I’m a gamer. Dealing with the world is tough. Life’s rule-set is incomprehensibly massive – literally incomprehensibly – and it keeps changing, it’s like Nomic, the players are rewriting the rules all the time and you don’t always know when or why or how. Lots of us gamers – let’s be honest – are pretty socially awkward. I ran this game in Edinburgh GamesHub, a new business providing a café, space and games to groups of players, and it’s clear that it’s being used as a refuge by people who don’t necessarily feel comfortable elsewhere. (Aside: many cafés have this function, the Forest not the least among them, it’s just that what the social group is and why it might feel uncomfortable changes from café to café.) I love games for the stories, for the intellectual richness of good game dynamics, for their metaphoric weight, but I also love spending a few hours in a world where I can just about grasp the rules and where, if I fail, I can at least understand why.

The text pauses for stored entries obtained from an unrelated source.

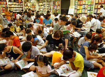 迎来暑假,全国的大型书店,正成为学生们既能读书,又能避暑的绝好的休息场所。8日下午,在汉城市内的一家大型书店中,小学生们正专心致志地读书。
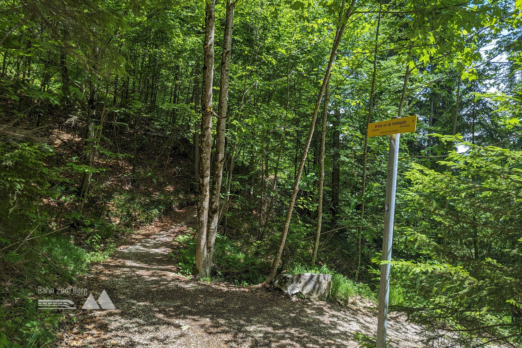 Hier biegen wir nach links in Richtung “Kneifelspitz-Rundweg” ab. Fotos: Maresa Brandner
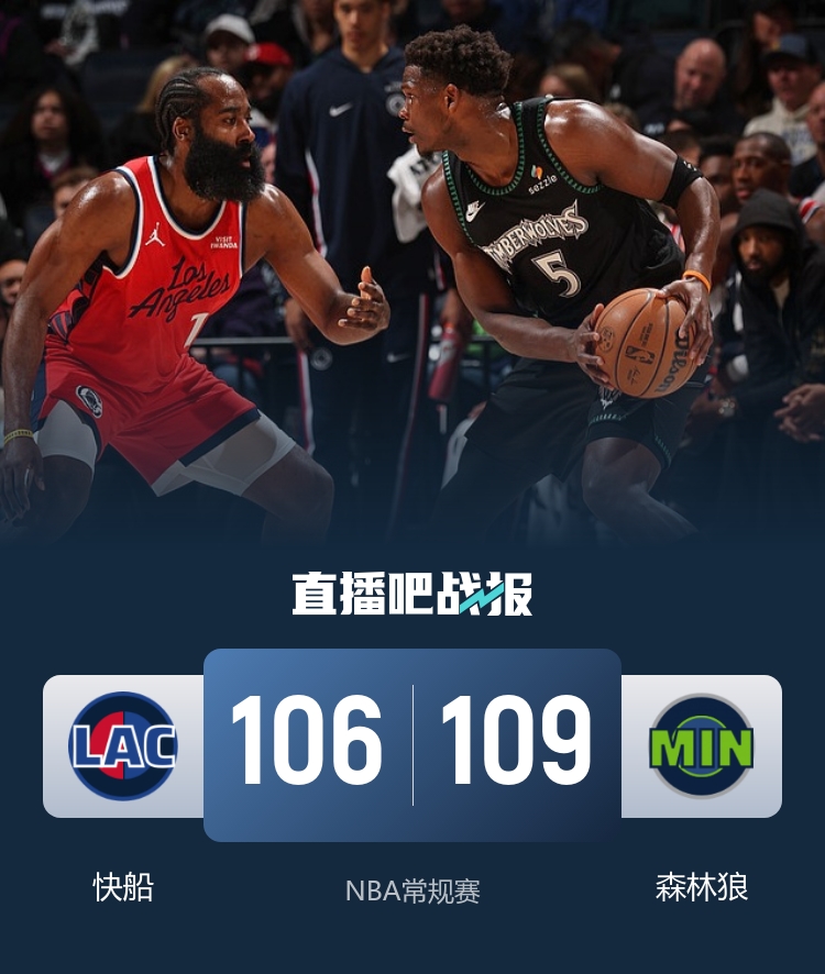 森林狼18分逆转快船 哈登34分+历史前十里程悲 里德末节14分
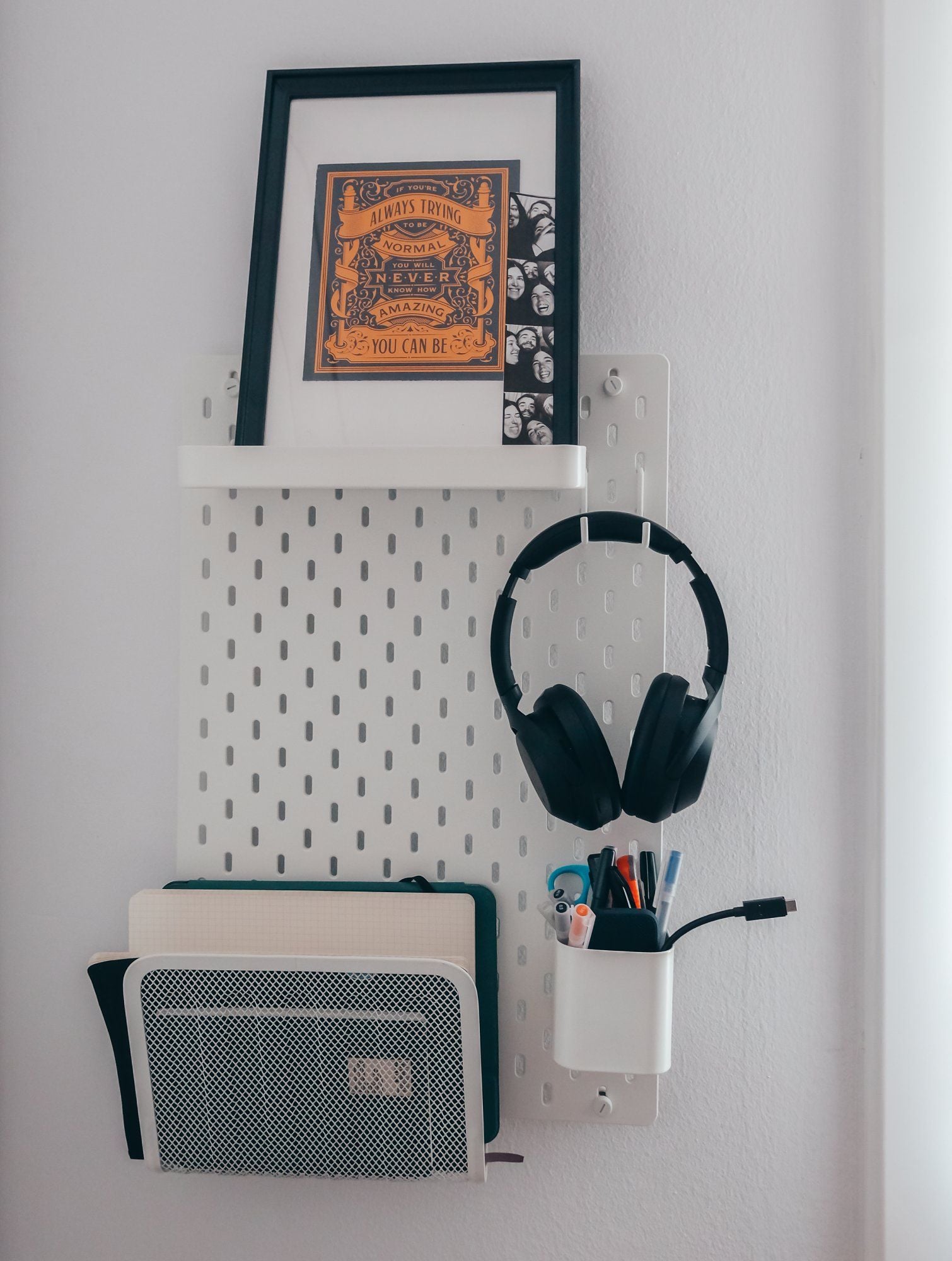 Pegboards might be known for tool storage, but Ogeh shows they can be invaluable for digital professionals in keeping things tidy.

The chief interest of my game, though, was as a way to generate interesting stories. And so I might be pushing the chaos/order analysis too far, because, as I’ve said, part of the purpose of the game was to release creativity, to disinhibit performance. The game dynamics provided a safe, simple structure which supported good storytelling. And there is definite resistance in all games to too much order or too much chaos. Think, for example, of the child who perceives the violation of justice in even the most arbitrary game and shouts “That’s not fair!” Or the Game-Master who puts down a rulebook-consulting pedant of a player with “Stop spoiling the fun.”

5.

I don’t think my game was as well-designed as Gijsbers’s, although they were working to different functions. The dynamics were not well-balanced, and it required GM-intervention a few times to prevent it breaking. But I would like to refine it. I’d like to design a fairytale storytelling game which:

  • is simple and accessible
  • supports creative storytelling in most players
  • has a satisfying point-scoring dynamic to hold interest
  • and allows for many inversions and diversions from the classic plot

The closest I know of is The Extraordinary Adventures of Baron Münchhausen. It’s a brilliant game, with clever dynamics, and it generated excellent stories — the balance between the story told and the story enacted is struck very well. It is, however, a game for people who feel comfortable performing: it won’t release the storyteller in a recluse. No game can be for everyone, but I’d like to get as close as I can.

One thought on “Storytelling and Games

  1. This text seems to do a few things. It’s a nice review of Stalin’s Story and the relation between your game and it (your game would be a text in its own right, and it’s one I haven’t read, so). I think the most interesting part of your essay, which I’d like to see developed further, is talk about the motivations people have towards gaming, and your attempts to set different games in their social contexts. I might have a think and post something on the topic at some stage.